**DATA**

*** Begin section ***

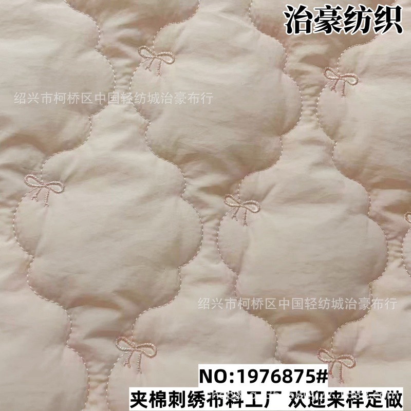 ピンクの蝶結び刺繍入りキルティング生地卸売秋冬ファッションデザイナー生地綿服化粧品バッグ生地
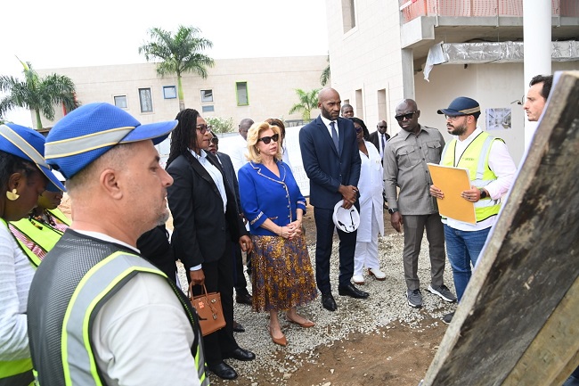 La Première Dame, Dominique Ouattara, présidente de la Fondation Children of Africa, a effectué ce jeudi 25 septembre 2025 une visite sur le chantier de la future extension de chirurgie cardiaque pédiatrique de l’Hôpital Mère-Enfant (HME) de Bingerville.
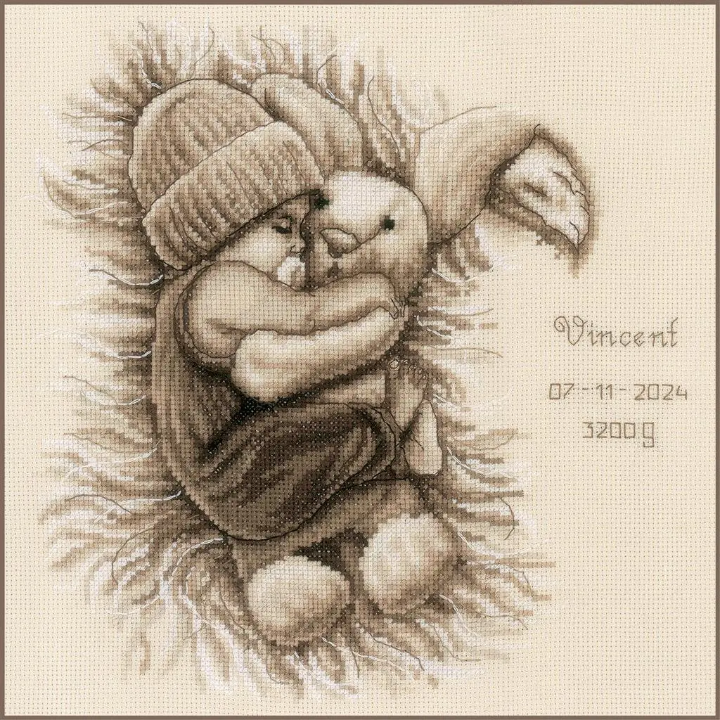 A set for cross-stitching. The set includes: fabric for embroidery: 100% cotton, Aida 14 count; mouliné: 100% DMC cotton; organizer for muline; scheme; instruction; needle. Technique: cross, long line.
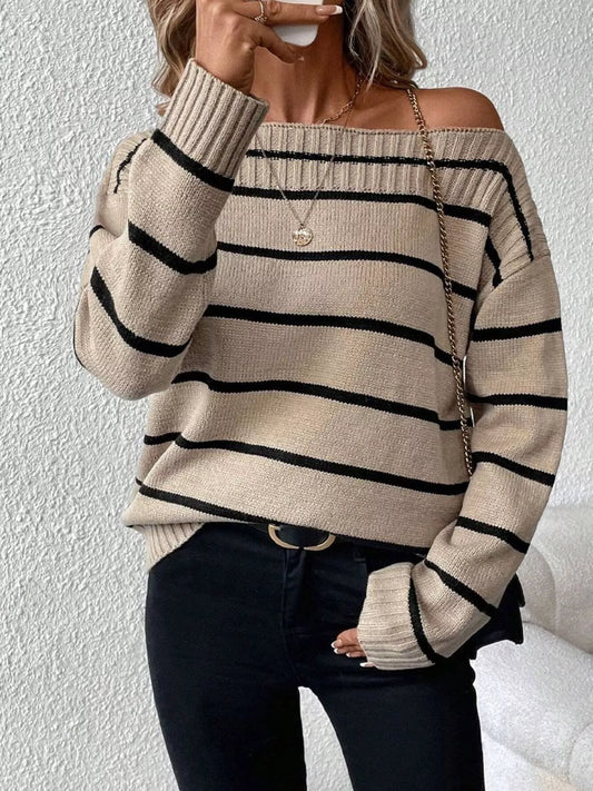 Stripe Thermal Knit Drop Shoulder Casual Top
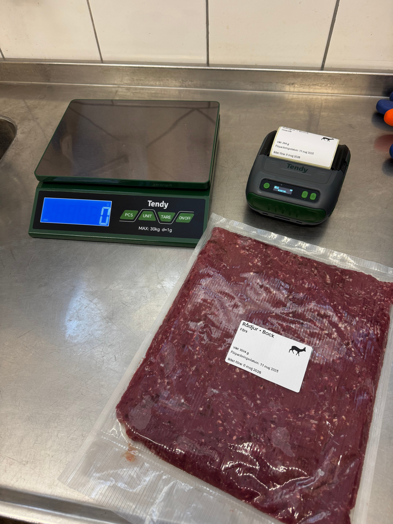 Libra kan tillsammans med Tendy Scriptor automatiskt skriva ut etiketter med funktionen “auto-print”. Det innebär att du bara behöver lägga till exempel vakuumpåsen med kött som Libra väger upp och sedan skickar information till appen att skriva ut direkt via Scriptor, helt utan att du behöver göra något manuellt. Funktionen “auto-print” har flera olika inställningar för att. Det går till exempel att ställa in känsligheten och hur länge vikten ska vara stabil innan utskrift. För att använda “auto-print” funktionen behöver du ha ett premium abonnemang.
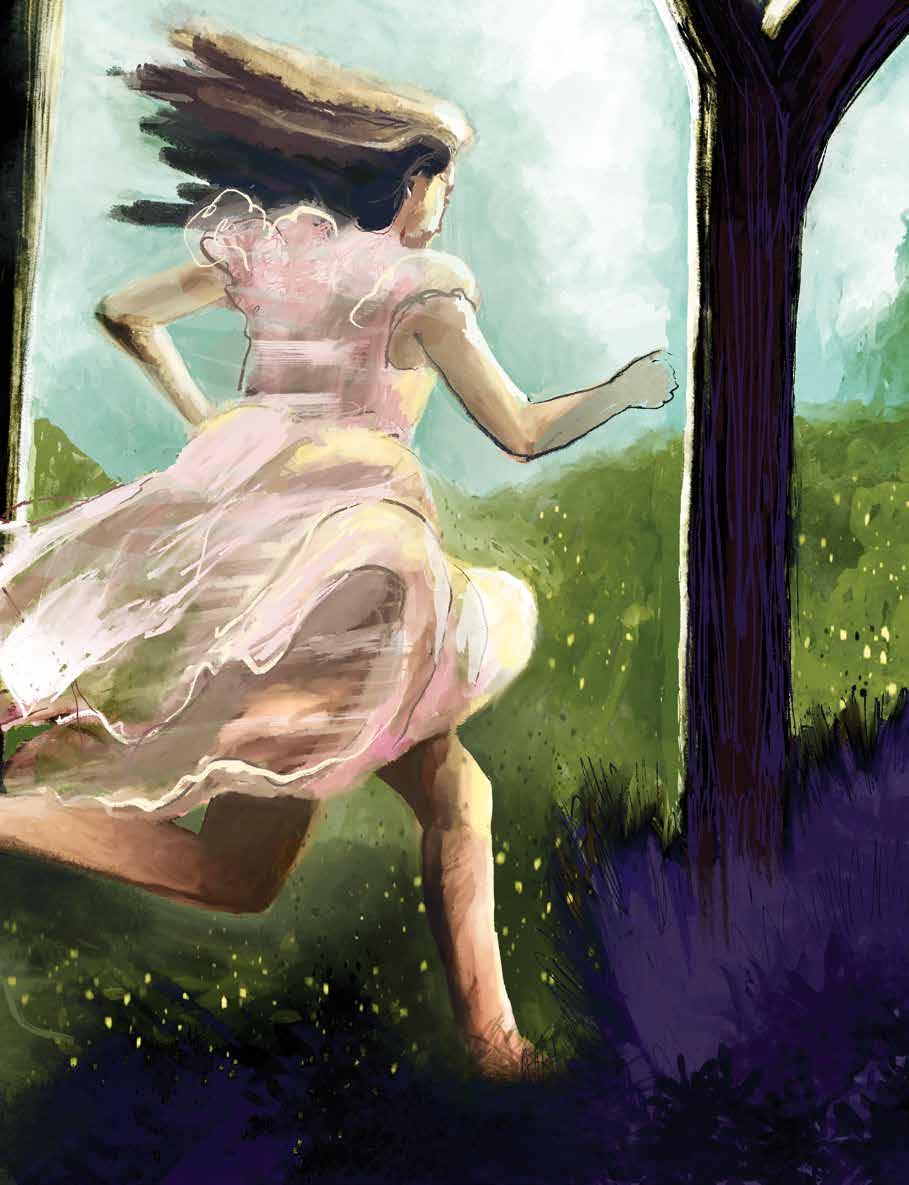 dentro do vale dos mortos. E tem como sair de lá? Ninguém nunca voltou para contar. De pavor, corri para longe daquela árvore anciã. Os pés tão apressados deixaram para trás os chinelos. Corri a ponto de escutar a minha respiração, cheguei nos braços dos meus pais e senti um pouco o que é se sentir em casa. Não lembro se tomei água ou fui deitar. Mas sei que o homem voltou para o chalé — estávamos em um hotel —, talvez por remorso ou porque a árvore tenha lhe dito algo. Contou alguma história que meus pais acreditaram.
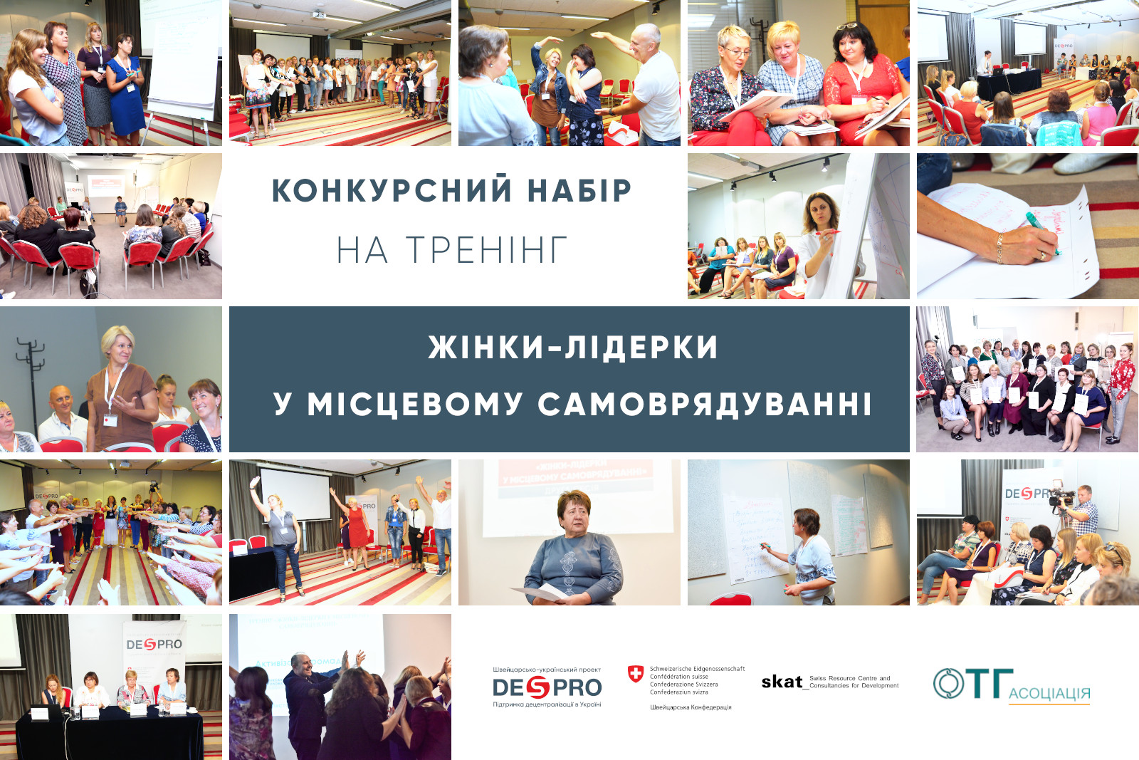 Швейцарсько-український проект “Підтримка децентралізації в Україні” DESPRO у партнерстві з Асоціацією об’єднаних територіальних громад оголошують конкурсний набір для участі у II тренінгу «Жінки-лідерки місцевого самоврядування».
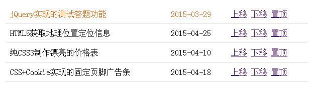 <table class="table"> <tr> <td>HTML5获取地理位置定位信息</td> <td>2015-04-25</td> <td><a href="#" class="up">上移</a> <a href="#" class="down">下移</a> <a href="#" class="top">置顶</a></td> </tr> <tr> <td>CSS+Cookie实现的固定页脚广告条置顶</a></td> </tr> ... </table>
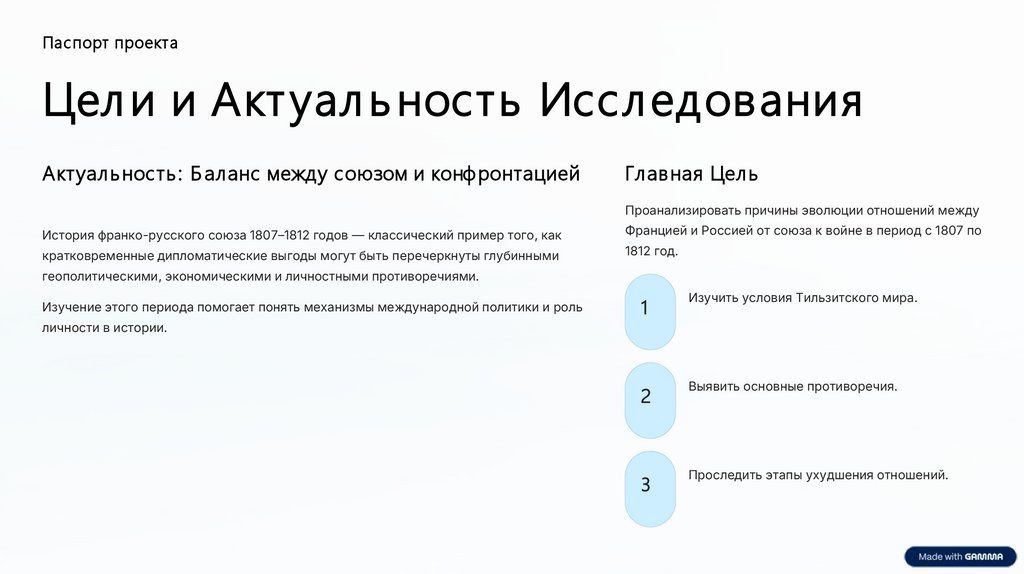 Паспорт проектаЦел и и Акт уал ь ность Исследования
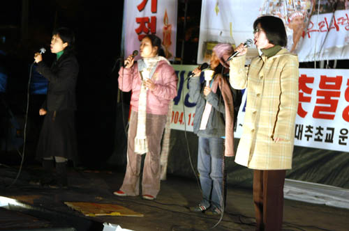지난 9일 팽성읍 대추초등학교 운동장에서 가진 ‘우리땅 지키기 촛불행사 100일기념 문화제’는 미군기지확장반대 운동을 벌이고 있는 각계각층의 시민단체들과 팽성읍 대추리 주민 등 500여명이 모인 가운데 문화행사로 진행됐다.
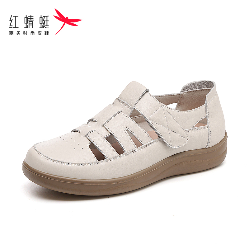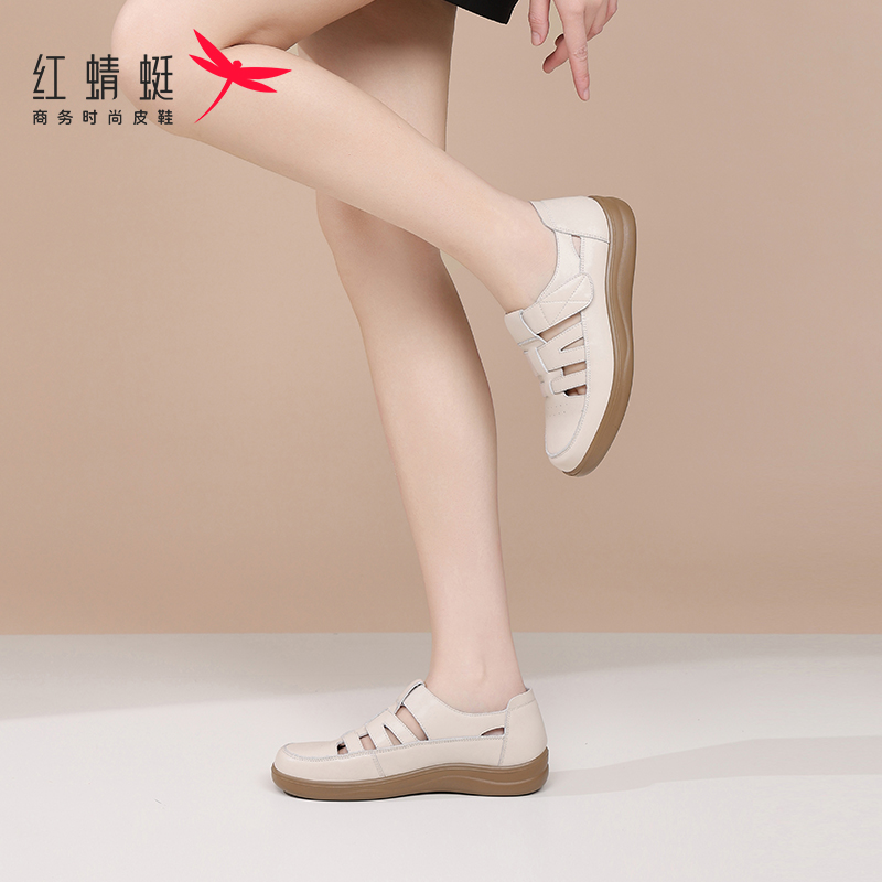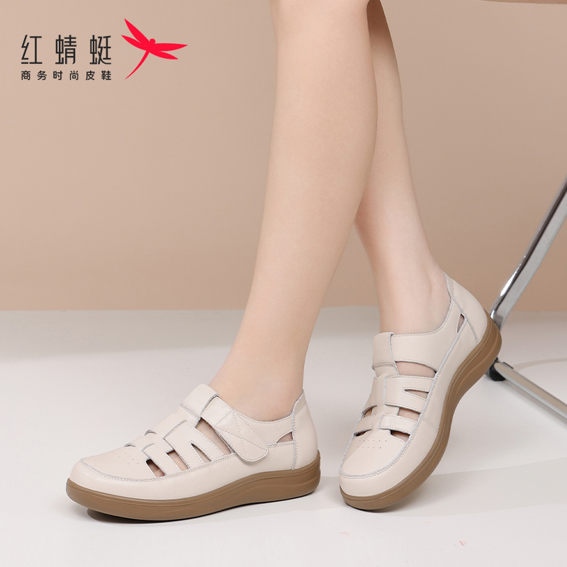 镂空猪笼鞋 红蜻蜓夏季 外穿真皮妈妈洞洞鞋 女2025新款 女士罗马凉鞋
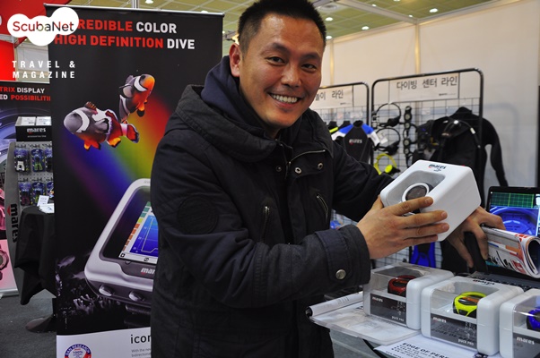 퐁당닷컴의 이영우 대표가 마레스 부스에서 퍽프로 다이브컴퓨터를 반기는 모습
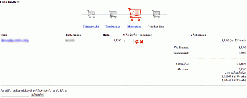 Tuossa myös yksi löytämäni ominaisuus Maksuturvan maksutavassa josta olen lähettänyt tiedon Maksuturvalle 2009
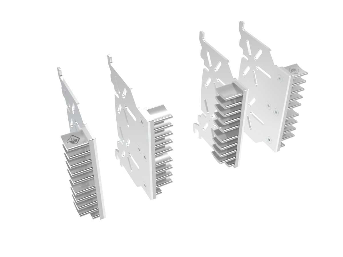 The main body of our heat sink is made of a special thermal steel with a high degree of heat conductivity. The material is first laser cut and then CNC machined in our workshops, the slots have two purposes, the first to reduce the contact surface, the second to release the hot air formed inside the brake piston cavity by reducing the hot chamber effect, and the propagation of heat in the piston and oil. The main body of the steel sink is connected to a light alloy heatsink made of a special aluminum with high thermal conductivity, which has the task of assisting the process of heat dissipation.
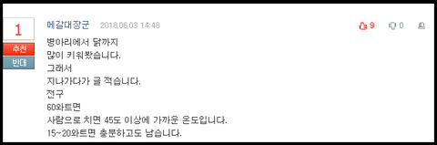 ※ 참고 : 60W 온도는 45도 이상에 가까운 온도로 한마리의 경우 15~20W 정도면 충분
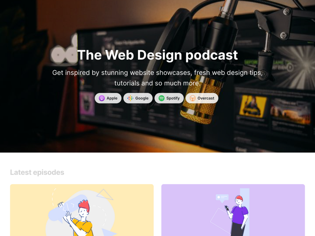 This template provides an overview of the latest or featured episodes, and links to all relevant podcast platforms. It's focused on giving your visitors a brief overview of the podcast and giving a reason to subscribe.
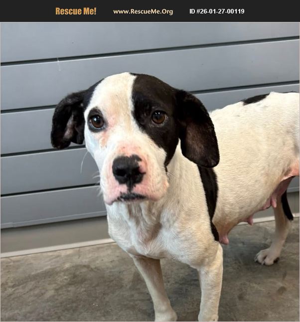 Milk Bone A009709 (in a short term foster home but needs a forever home) 5 yo Female (spayed) White and black Bulldog/beagle Intake date: 1.13.26
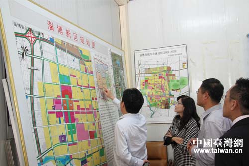 秦慧珠仔細聽取有關人員對淄博新區(qū)規(guī)劃建設有關情況的說明。(圖片來源:淄博市臺辦)
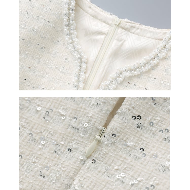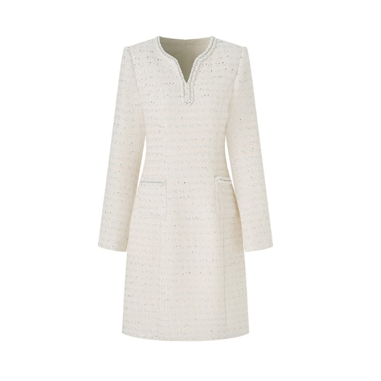 ツイード調素材にパール装飾を組み合わせた長袖ワンピース。生地表面に織り込まれた装飾糸とパールディテールが、全体のテクスチャーに立体感を加えるデザインです。
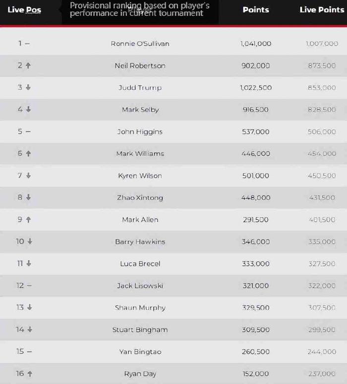 奥沙利文仍然排名世界第1,尼尔·罗伯逊反超特鲁姆普,升至第2位,特鲁姆普跌至第3,马克·塞尔比排名第4。第5到第16位依次是希金斯、马克·威廉姆斯、凯伦·威尔逊、赵心童、马克·艾伦、巴里·霍金斯、卢卡·布雷切尔、利索夫斯基、肖恩·墨菲、宾汉姆、颜丙涛、瑞恩·戴。
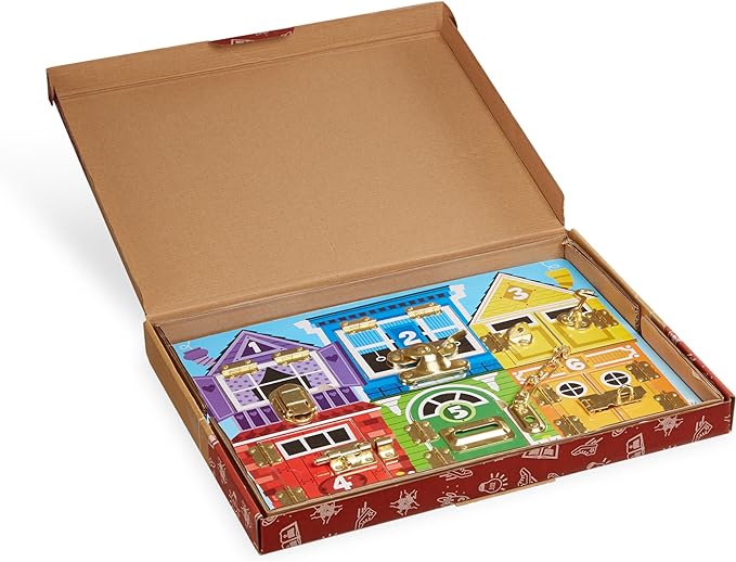 Melissa & Doug Wooden Latches Board Sensory Activity Toy for Kids, Doors and Locks Toy, Wooden Busy Board, Toddler Toys for Ages 3+

*** End section ***

**TO DO**
Please print each entry exactly as given and keep pictures out of it.

**RESPONSE TO THIS EXERCISE**
 ピンクの蝶結び刺繍入りキルティング生地卸売秋冬ファッションデザイナー生地綿服化粧品バッグ生地
 La Première Dame, Dominique Ouattara, présidente de la Fondation Children of Africa, a effectué ce jeudi 25 septembre 2025 une visite sur le chantier de la future extension de chirurgie cardiaque pédiatrique de l’Hôpital Mère-Enfant (HME) de Bingerville.
 A set for cross-stitching. The set includes: fabric for embroidery: 100% cotton, Aida 14 count; mouliné: 100% DMC cotton; organizer for muline; scheme; instruction; needle. Technique: cross, long line.
 Stripe Thermal Knit Drop Shoulder Casual Top
 Libra kan tillsammans med Tendy Scriptor automatiskt skriva ut etiketter med funktionen “auto-print”. Det innebär att du bara behöver lägga till exempel vakuumpåsen med kött som Libra väger upp och sedan skickar information till appen att skriva ut direkt via Scriptor, helt utan att du behöver göra något manuellt. Funktionen “auto-print” har flera olika inställningar för att. Det går till exempel att ställa in känsligheten och hur länge vikten ska vara stabil innan utskrift. För att använda “auto-print” funktionen behöver du ha ett premium abonnemang.
 dentro do vale dos mortos. E tem como sair de lá? Ninguém nunca voltou para contar. De pavor, corri para longe daquela árvore anciã. Os pés tão apressados deixaram para trás os chinelos. Corri a ponto de escutar a minha respiração, cheguei nos braços dos meus pais e senti um pouco o que é se sentir em casa. Não lembro se tomei água ou fui deitar. Mas sei que o homem voltou para o chalé — estávamos em um hotel —, talvez por remorso ou porque a árvore tenha lhe dito algo. Contou alguma história que meus pais acreditaram.
 Швейцарсько-український проект “Підтримка децентралізації в Україні” DESPRO у партнерстві з Асоціацією об’єднаних територіальних громад оголошують конкурсний набір для участі у II тренінгу «Жінки-лідерки місцевого самоврядування».
 <table class="table"> <tr> <td>HTML5获取地理位置定位信息</td> <td>2015-04-25</td> <td><a href="#" class="up">上移</a> <a href="#" class="down">下移</a> <a href="#" class="top">置顶</a></td> </tr> <tr> <td>CSS+Cookie实现的固定页脚广告条置顶</a></td> </tr> ... </table>
 Паспорт проектаЦел и и Акт уал ь ность Исследования
지난 9일 팽성읍 대추초등학교 운동장에서 가진 ‘우리땅 지키기 촛불행사 100일기념 문화제’는 미군기지확장반대 운동을 벌이고 있는 각계각층의 시민단체들과 팽성읍 대추리 주민 등 500여명이 모인 가운데 문화행사로 진행됐다.
 镂空猪笼鞋 红蜻蜓夏季 外穿真皮妈妈洞洞鞋 女2025新款 女士罗马凉鞋
 퐁당닷컴의 이영우 대표가 마레스 부스에서 퍽프로 다이브컴퓨터를 반기는 모습
 Tuossa myös yksi löytämäni ominaisuus Maksuturvan maksutavassa josta olen lähettänyt tiedon Maksuturvalle 2009
 The main body of our heat sink is made of a special thermal steel with a high degree of heat conductivity. The material is first laser cut and then CNC machined in our workshops, the slots have two purposes, the first to reduce the contact surface, the second to release the hot air formed inside the brake piston cavity by reducing the hot chamber effect, and the propagation of heat in the piston and oil. The main body of the steel sink is connected to a light alloy heatsink made of a special aluminum with high thermal conductivity, which has the task of assisting the process of heat dissipation.
 ※ 참고 : 60W 온도는 45도 이상에 가까운 온도로 한마리의 경우 15~20W 정도면 충분
 This template provides an overview of the latest or featured episodes, and links to all relevant podcast platforms. It's focused on giving your visitors a brief overview of the podcast and giving a reason to subscribe.
 Milk Bone A009709 (in a short term foster home but needs a forever home) 5 yo Female (spayed) White and black Bulldog/beagle Intake date: 1.13.26
 秦慧珠仔細聽取有關人員對淄博新區(qū)規(guī)劃建設有關情況的說明。(圖片來源:淄博市臺辦)
 ツイード調素材にパール装飾を組み合わせた長袖ワンピース。生地表面に織り込まれた装飾糸とパールディテールが、全体のテクスチャーに立体感を加えるデザインです。
 奥沙利文仍然排名世界第1,尼尔·罗伯逊反超特鲁姆普,升至第2位,特鲁姆普跌至第3,马克·塞尔比排名第4。第5到第16位依次是希金斯、马克·威廉姆斯、凯伦·威尔逊、赵心童、马克·艾伦、巴里·霍金斯、卢卡·布雷切尔、利索夫斯基、肖恩·墨菲、宾汉姆、颜丙涛、瑞恩·戴。
 Melissa & Doug Wooden Latches Board Sensory Activity Toy for Kids, Doors and Locks Toy, Wooden Busy Board, Toddler Toys for Ages 3+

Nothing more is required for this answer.